As soon as I was getting invested in the story, I felt a lump in my throat. Watching Sol ask Siri, “How will the world end?” and telling her nanny she’s fine over and over made me choke up, not because of cosmic horror or some unknown detail, but because of how vulnerable she is. Wanting answers to your questions that surpass the scope of human knowledge, or her family trying to hide things from her, reminded me of my own family’s half-truths, the things I sensed before I fully understood.
The garden scenes with ants, snails, and animals made me feel both comforted and uneasy: life continues, even when it's fragile. There were moments I gagged at the absurdity of the spiritualist, moments I squirmed when someone avoided saying a name or avoiding visiting a room, moments I wanted to reach through the screen and tell Sol it’s okay to cry.

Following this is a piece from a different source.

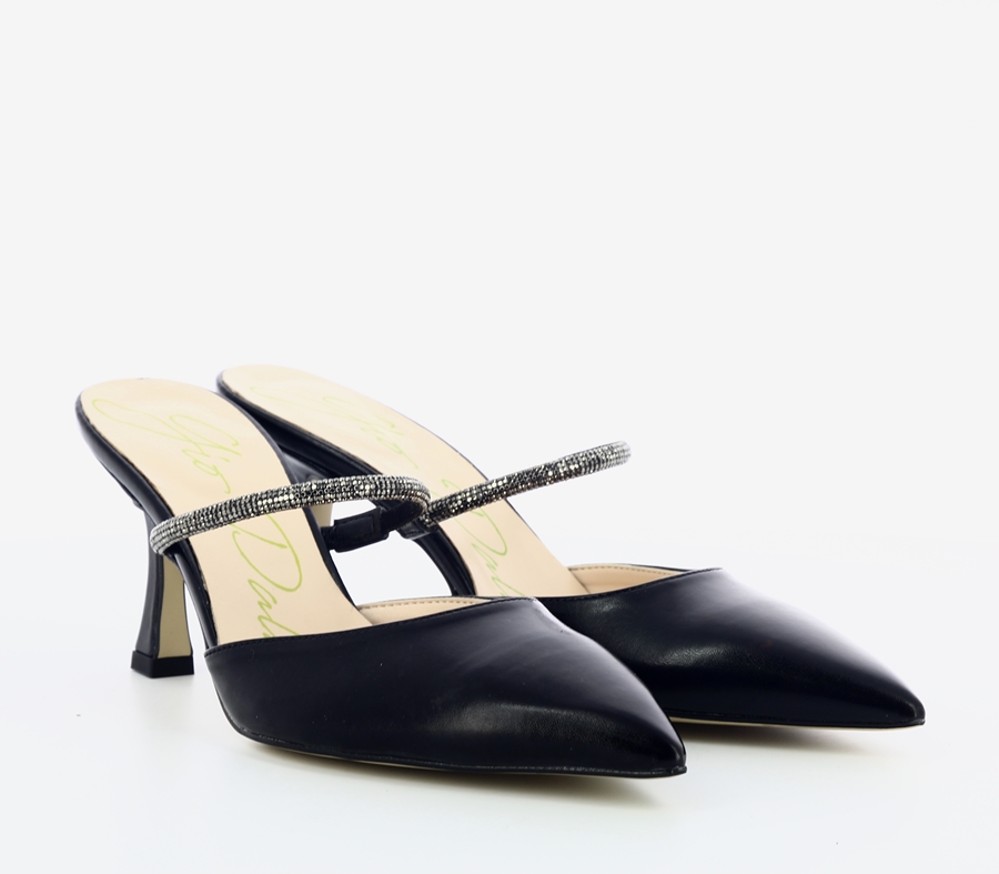 Le mules di Gio Palma si distinguono per il cinturino decorato con cristalli ton sur ton sul collo del piede. Punta affusolata e tacchi sottili, sono realizzate materiale Vegan friendly,sottopiede memory.Realizzate in Italia

And by the end, when Tona finally enters, exhausted, when the party happens and the room feels as full of loss as it is of love, I felt both the ache of what’s being lost and the strange beauty of that last full day together.

Tótem isn’t perfect, and it won’t be for everyone. But for me, it’s the kind of film that lingers. Even days later, I’m still thinking about snails on walls, a bonsai gift, a clown wig—and wondering how much truth we carry without words. On a less pretentious note, it also inspired me to structure my own film over the course of a single day; I hadn’t realized the power of timely, contained storytelling until Tótem.
It all came together in the scene before the big party when Sol is finally allowed to see her father after being told no so many times. She gleefully tells him about the bugs she observed and how they’re born, live, and eventually die in the ground. Tona listens attentively in his debilitated state and asks her questions. It’s the attention she was patiently waiting for throughout the whole movie, and knowing this may be her last conversation with him is painfully bittersweet.

A totem is usually described as an artifact someone keeps that holds deep meaning. The meaning only matters to the owner. Interpreting Tótem, the film works the same way. What might seem like an unassuming and overlooked little movie to one person has become a treasure to me.